Monday, June 15, 2009

FIVE...
...extremely common mistakes Brazilians make when they write English.

There are many reasons why my students get things wrong in English writing. Sometimes its ignorance, sometimes its bad luck, sometimes its laziness, sometimes its because their language skills are not great in Portuguese so they lack the skills to transfer them to English. For example, a sentence without a verb has often more to do with not forming sentences in any language than a misunderstanding of English. And then, and this is where my students draw my sympathy, its because they try to create a construction in English but their Portuguese (whether consciously or not) interferes. This, as the pros call it, is L1 interference. And here are 5 very common examples that I've noticed in my short-lived career as an English teacher.

1. My sister borned in Sao Paulo.
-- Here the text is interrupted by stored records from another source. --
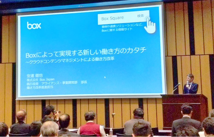 オンラインでファイルを共有するクラウドサービスを提供しているBox Japan社に登壇を頂きました。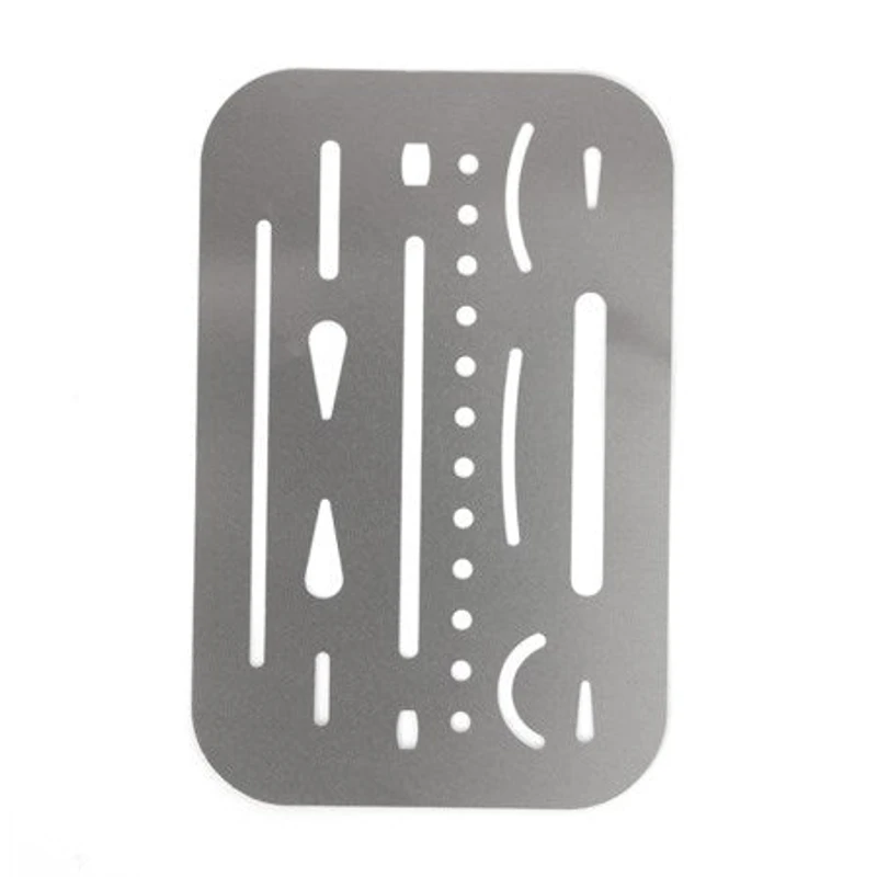 Erasing chart made from supple metal of 3 5/8 x 2 3/8 inches.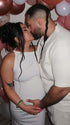 Measure around the fullest part of your hips and just below your bump.
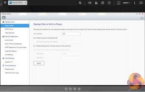 Backup Station allows backing up of data with a wide range of options, including backup servers, cloud storage, and external devices. The One Touch button on the front bezel can be set up to either upload or download files/folders or backup the NAS to an external USB drive. In the Backup Station pages in the QTS you can set up exactly what you want the One Touch system to do.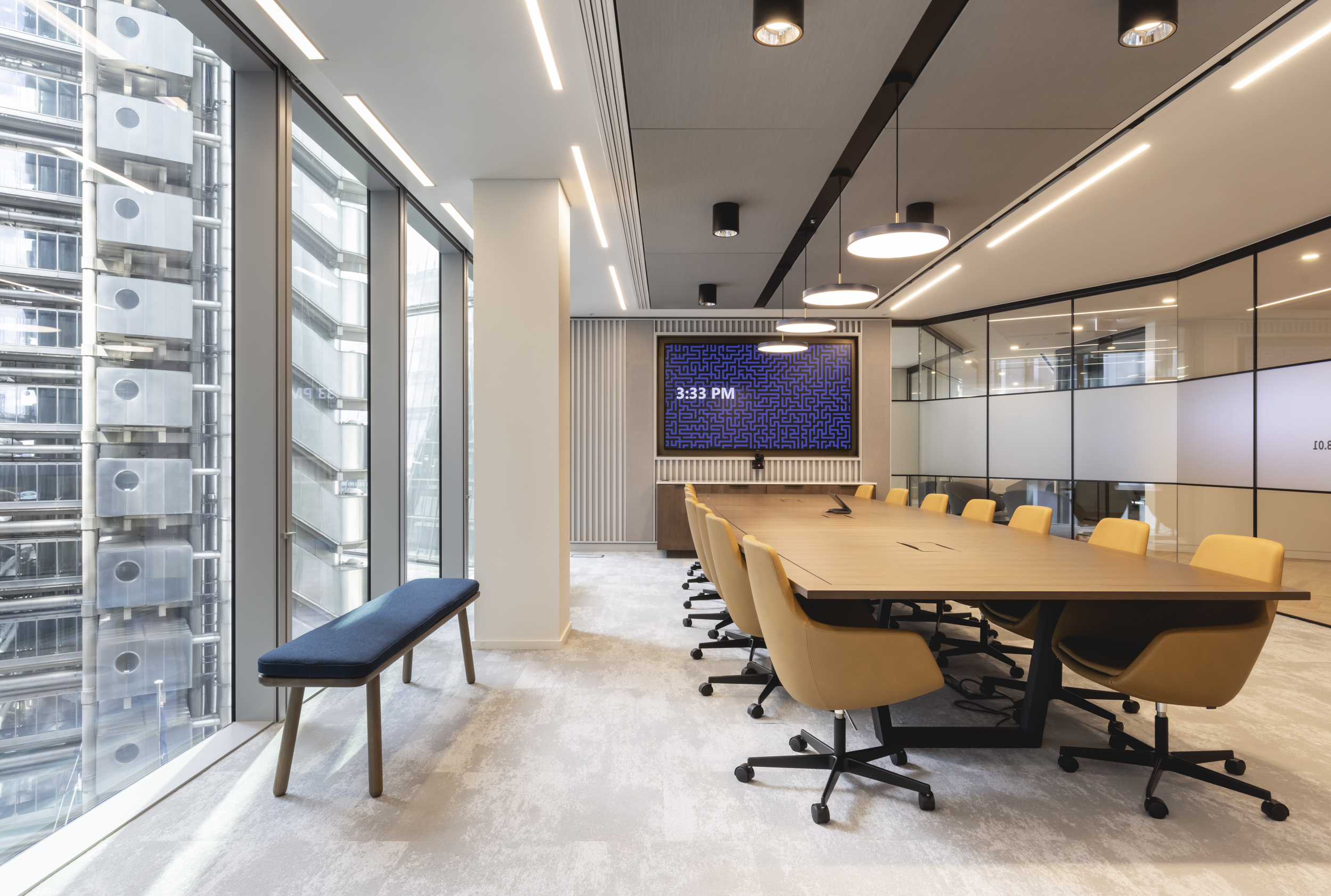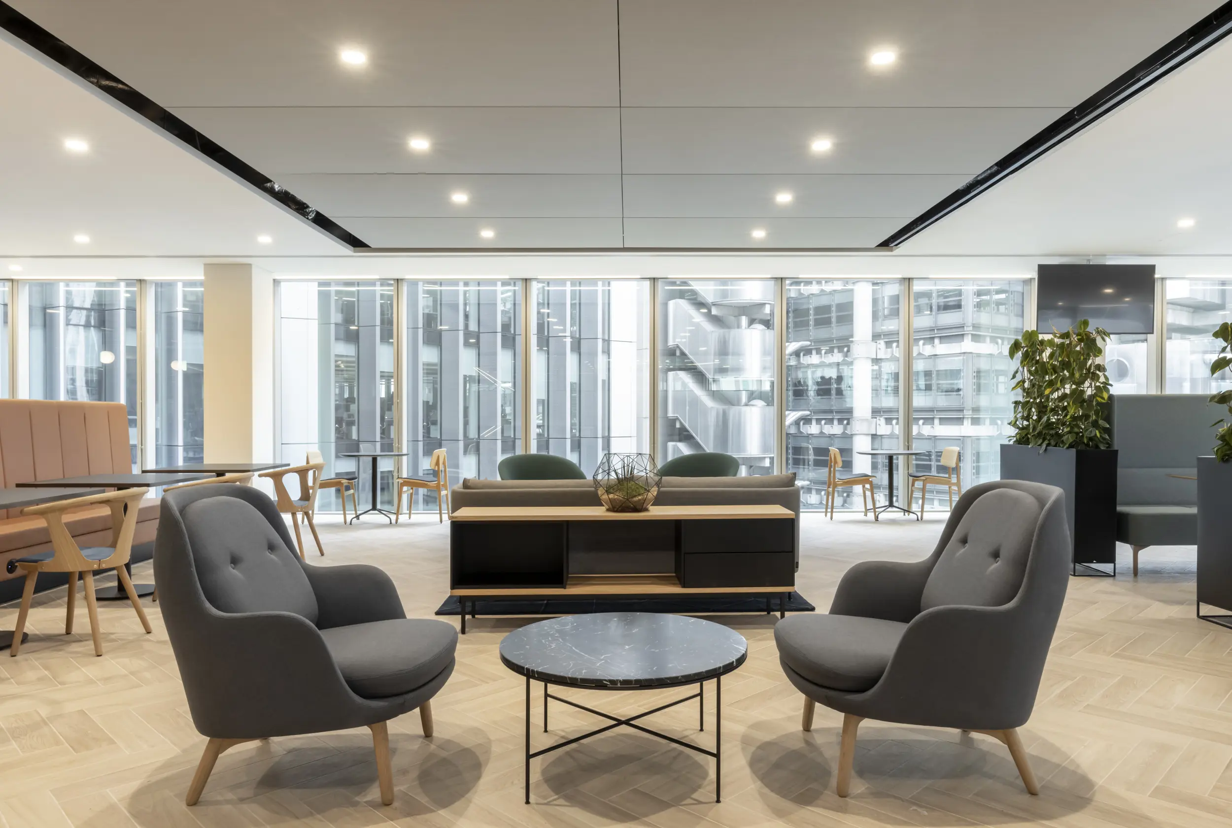 The move coincides with Chaucer’s decision to rebrand, enabling them to roll out their new brand identity across the office. Chaucer wanted to pay homage to their parent company, China Re Group, by incorporating Chinese architecture into the design. The spatial arrangement mimics the Chinese Hutong concept with ‘streets’ convening in a central social area such as the employee café, while design craftsmanship and joinery echoes the British market place.

In English, unlike Portuguese, we use the verb "to be" before born: He will be born, I was born etc. Also, students typically guess the pass tense as ending in -ed, hence "borned".
2. I got an information and a research about a good weather. Uncountable nouns. Information, research and weather are all countable in Portuguese, but not in English. When I teach students we can have "a piece of" uncountable things like luck, luggage, furniture, information and research they are always totally astonished.
3. The taxi was late and I lost the plane. In Portuguese the verb "perder" means both lose and miss. Its just one example of several verbs which don't map exactly to English (see also: know/meet).
4. His mother was arriving soon - he was waiting for your mother. In Portuguese, we have "seu/sua" which cover the bases of all of "your, his, her, their" - context usually helps decide who is being talked about. Unfortunately, students often try, as in Portuguese, to just use one word to fit and they usually choose "your".
5. I was deceptionated and exausted. This is really two problems rolled into one. In Portuguese, to be "decepcionado" means to be disappointed (and has nothing to do with being decieved). This is an example of a false cognate between the two languages and students who don't realise this will often try and paste across the Portuguese word with an English ending (=deceptionated). Also, English spelling his highly irregular compared to Portuguese, so having to spell words like exhausted which includes an erroneous silent "h" is asking a lot.

When students get these wrong frequently, I blame the teacher!